*Provided data*:
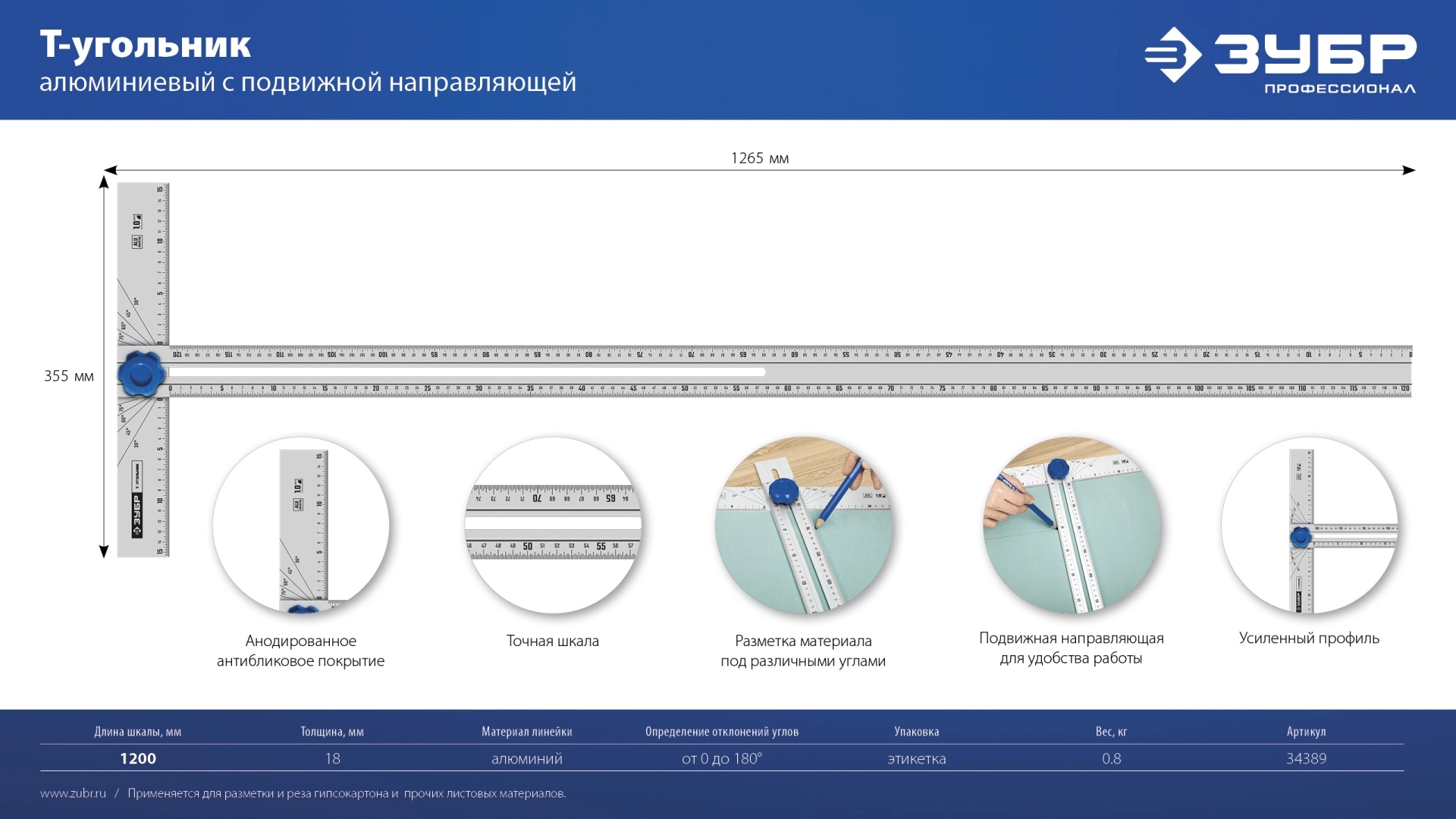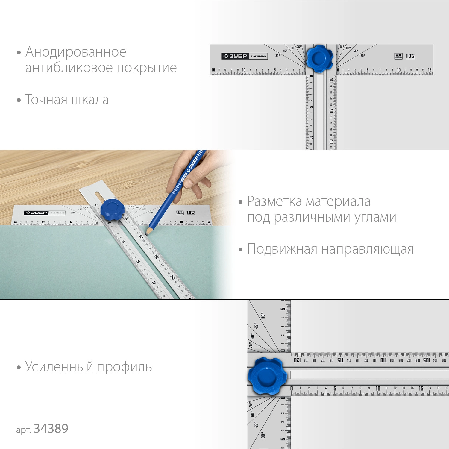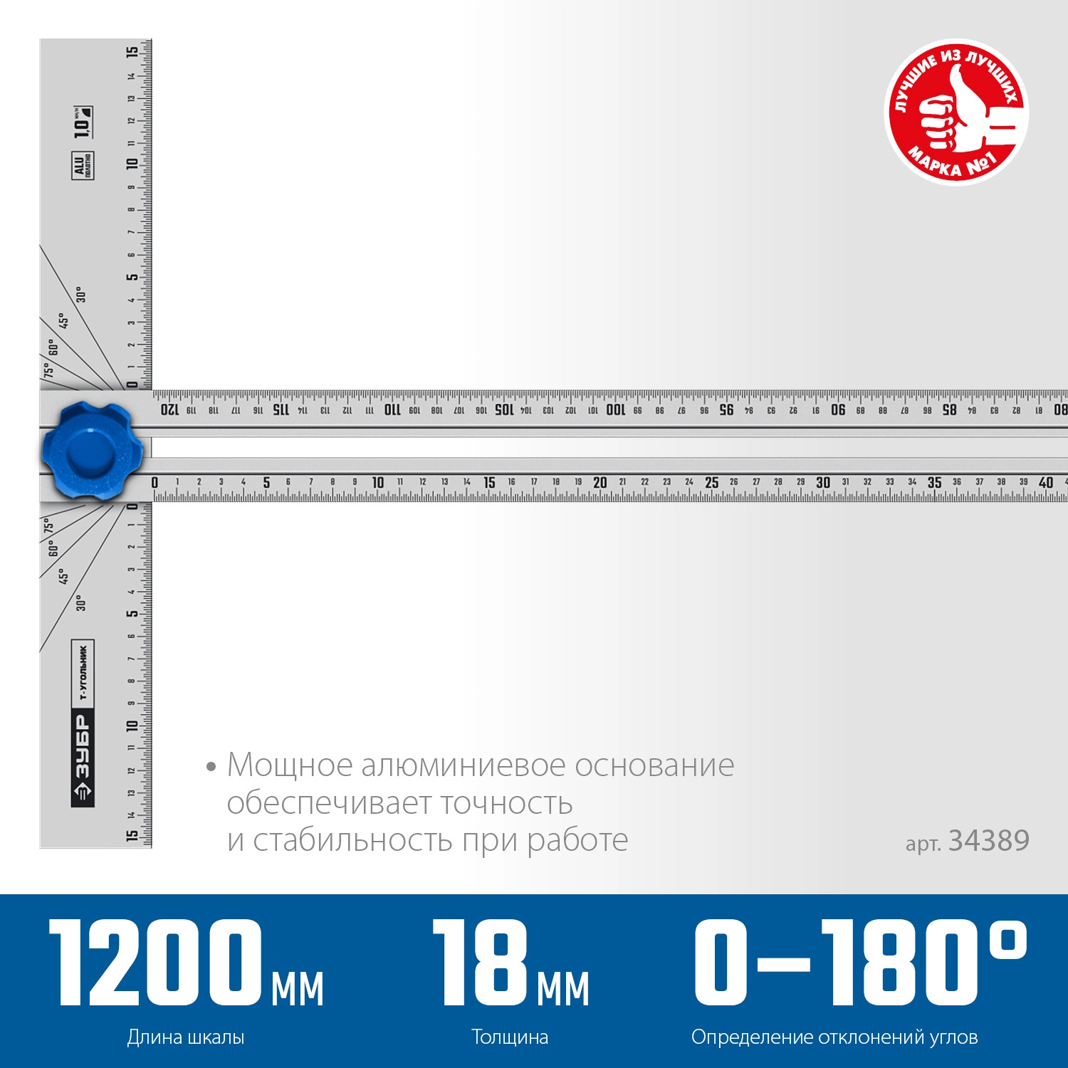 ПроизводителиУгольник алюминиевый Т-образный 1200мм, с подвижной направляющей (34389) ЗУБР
==
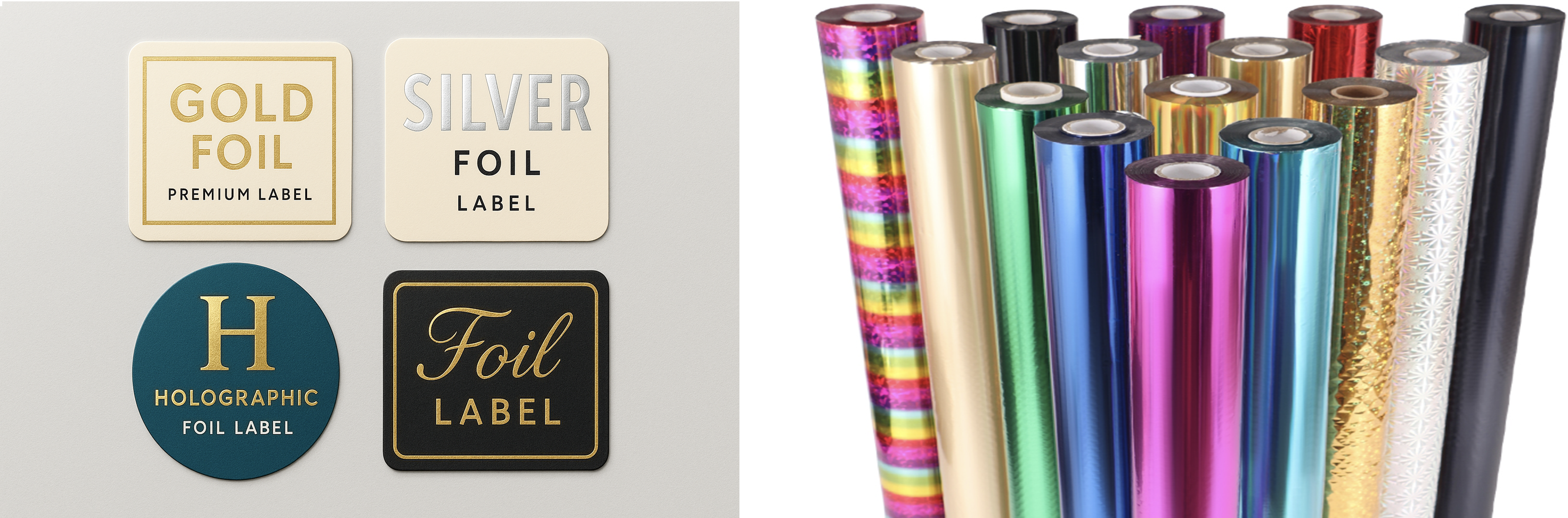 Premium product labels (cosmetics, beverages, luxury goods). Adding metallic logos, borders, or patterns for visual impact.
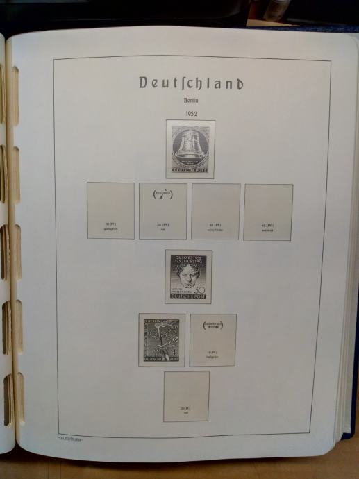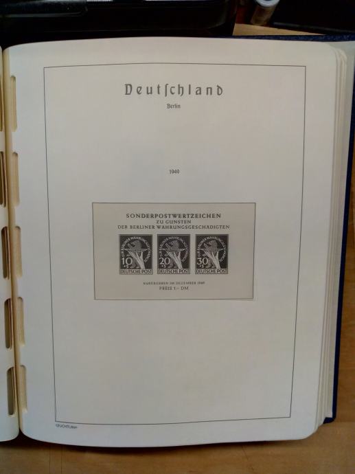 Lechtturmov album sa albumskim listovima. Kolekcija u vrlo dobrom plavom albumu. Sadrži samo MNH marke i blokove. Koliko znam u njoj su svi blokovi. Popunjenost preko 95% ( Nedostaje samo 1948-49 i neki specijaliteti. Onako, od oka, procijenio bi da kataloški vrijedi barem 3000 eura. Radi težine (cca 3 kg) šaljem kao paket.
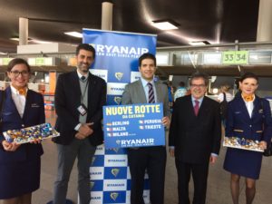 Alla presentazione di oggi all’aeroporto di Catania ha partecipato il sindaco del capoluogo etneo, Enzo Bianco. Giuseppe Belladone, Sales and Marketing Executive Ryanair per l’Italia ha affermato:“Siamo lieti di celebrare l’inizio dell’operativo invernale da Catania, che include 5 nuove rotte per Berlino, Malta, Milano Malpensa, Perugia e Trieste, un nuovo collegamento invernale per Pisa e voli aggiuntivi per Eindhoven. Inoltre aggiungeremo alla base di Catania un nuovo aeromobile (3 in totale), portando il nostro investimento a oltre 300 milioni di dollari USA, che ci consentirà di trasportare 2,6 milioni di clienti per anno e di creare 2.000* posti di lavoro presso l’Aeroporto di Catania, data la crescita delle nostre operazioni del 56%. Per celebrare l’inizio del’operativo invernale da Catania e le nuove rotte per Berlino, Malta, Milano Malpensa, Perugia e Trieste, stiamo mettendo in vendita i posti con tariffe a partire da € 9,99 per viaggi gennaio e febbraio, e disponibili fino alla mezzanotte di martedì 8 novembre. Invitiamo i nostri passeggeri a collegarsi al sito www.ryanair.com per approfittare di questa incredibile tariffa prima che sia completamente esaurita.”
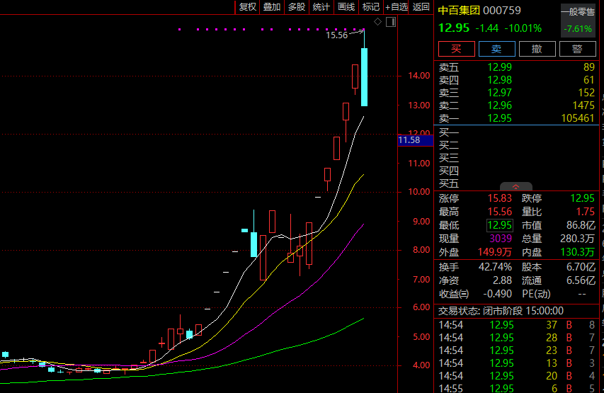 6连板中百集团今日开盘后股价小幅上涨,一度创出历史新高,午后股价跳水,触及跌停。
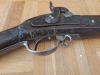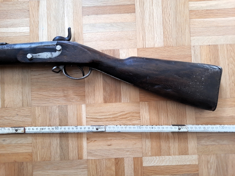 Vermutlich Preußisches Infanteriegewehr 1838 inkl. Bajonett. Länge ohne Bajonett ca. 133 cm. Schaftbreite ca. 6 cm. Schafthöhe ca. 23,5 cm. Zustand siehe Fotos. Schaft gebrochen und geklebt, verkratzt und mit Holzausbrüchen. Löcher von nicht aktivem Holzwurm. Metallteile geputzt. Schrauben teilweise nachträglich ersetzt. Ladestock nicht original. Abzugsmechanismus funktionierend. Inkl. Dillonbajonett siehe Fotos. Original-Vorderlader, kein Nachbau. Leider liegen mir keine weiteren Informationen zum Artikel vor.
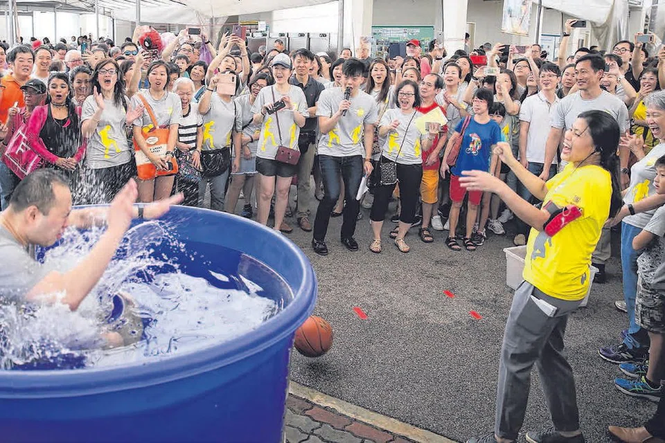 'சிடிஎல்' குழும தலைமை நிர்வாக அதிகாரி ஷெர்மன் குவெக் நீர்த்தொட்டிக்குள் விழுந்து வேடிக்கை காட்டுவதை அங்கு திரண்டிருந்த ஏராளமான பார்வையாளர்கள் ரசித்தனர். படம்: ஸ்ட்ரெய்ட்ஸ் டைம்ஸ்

*How to complete this task*: Each line above starting at the one holding "Vermutlich Preußisches Infanteriegewehr" and ending at the one holding "படம்: ஸ்ட்ரெய்ட்ஸ் டைம்ஸ்" should be set down exactly as it stands, both ends included, with no pictures.

*Solved problem*:
 Vermutlich Preußisches Infanteriegewehr 1838 inkl. Bajonett. Länge ohne Bajonett ca. 133 cm. Schaftbreite ca. 6 cm. Schafthöhe ca. 23,5 cm. Zustand siehe Fotos. Schaft gebrochen und geklebt, verkratzt und mit Holzausbrüchen. Löcher von nicht aktivem Holzwurm. Metallteile geputzt. Schrauben teilweise nachträglich ersetzt. Ladestock nicht original. Abzugsmechanismus funktionierend. Inkl. Dillonbajonett siehe Fotos. Original-Vorderlader, kein Nachbau. Leider liegen mir keine weiteren Informationen zum Artikel vor.
 'சிடிஎல்' குழும தலைமை நிர்வாக அதிகாரி ஷெர்மன் குவெக் நீர்த்தொட்டிக்குள் விழுந்து வேடிக்கை காட்டுவதை அங்கு திரண்டிருந்த ஏராளமான பார்வையாளர்கள் ரசித்தனர். படம்: ஸ்ட்ரெய்ட்ஸ் டைம்ஸ்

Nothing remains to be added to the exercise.